Citizens have protested against this onslaught of anti-democratic moves. Most protests, however peaceful, are met with the police’s generous use of tear gas and high-pressure water hoses, in addition to other forms of violence. This process of protest and violence has been ongoing since the demonstrations on Taksim Square on 28 May and until today 3 June, across Istanbul and the rest of Turkey.
Just a month ago, on 1 May, when citizens attempted to march to Taksim Square for Worker`s Day, they were met with police firing tear gas canisters in abundance.
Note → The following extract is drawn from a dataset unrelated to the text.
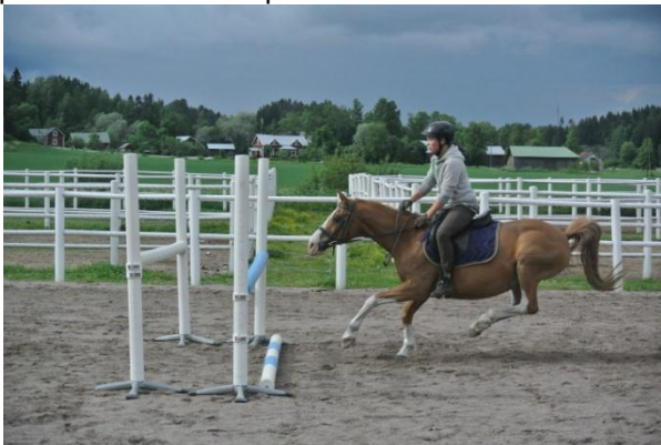
Kuva 1. Viimeisellä askeleella poni päättää lyödä jarrut pohjaan ja on juuri juntaamassa takajalat ponnistuksen sijasta maahan

Hyvä istunta on tärkeä, sen osoittaa tämä kuvasarja. Thielo-poni toteaa juuri ennen ponnistusta olevansa hieman liian kaukana esteestä ja päättääkin yllättäen lyödä jarrut pohjaan. Kielto on tälle ponille harvinaista, joten ratsastaja ei sitä osannut odottaa. Ilman oikeaa istuntaa olisi ratsastaja löytänyt itsensä toiselta puolen estettä ilman ponia.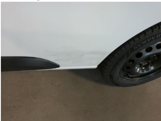
Abbildung 9: Siehe Pos.9

But we did not need this spectacle to know that the government’s commitment to its people safety and wellbeing was less than stellar. According to one report an average four workers lose their life daily in work-related accidents in Turkey. The same day, a number of people, including teenagers, were severely injured and hospitalized, with two suffering hemorrhages from the blows they received in the back of their head, and one losing an eye.
This is the kind of cruel absurdity that governs the lives of the people of Turkey these days, just as the international news celebrates Turkey`s robust economy and its much acclaimed role as a “democratic model” in the “new Middle East.” For instance, one recent New York Times op-ed covered Erdogan`s recent visit to Washington, DC and his meeting with Obama on intervention in Syria. The terms of Erdogan’s positive evaluation were government`s ability to "progress toward resolving the Kurdish conflict" and its retention of "its impressive economic achievements." The authors went on to warn that political instability in the region might affect foreign investment in Turkey, and adversely the country`s economic stability.
What is missing from such sweeping representations of "international relations and foreign policy" are the voices of citizens who dare protest the country’s neoliberal restructuring and the images of the violent police attacks on them. Also missing are the stories of fired teachers who dare speak of oppression and inequality, and the imprisonment of journalists who openly critique the AKP government. Finally, missing from such representations are those of us who aspire to a democratic society. We are ordinary citizens who see no end to the oppressive and abusive politics of the AKP government as Turkey’s democratic Western partners fiddle (or choose to look the other way in the name of “strategic expediency”).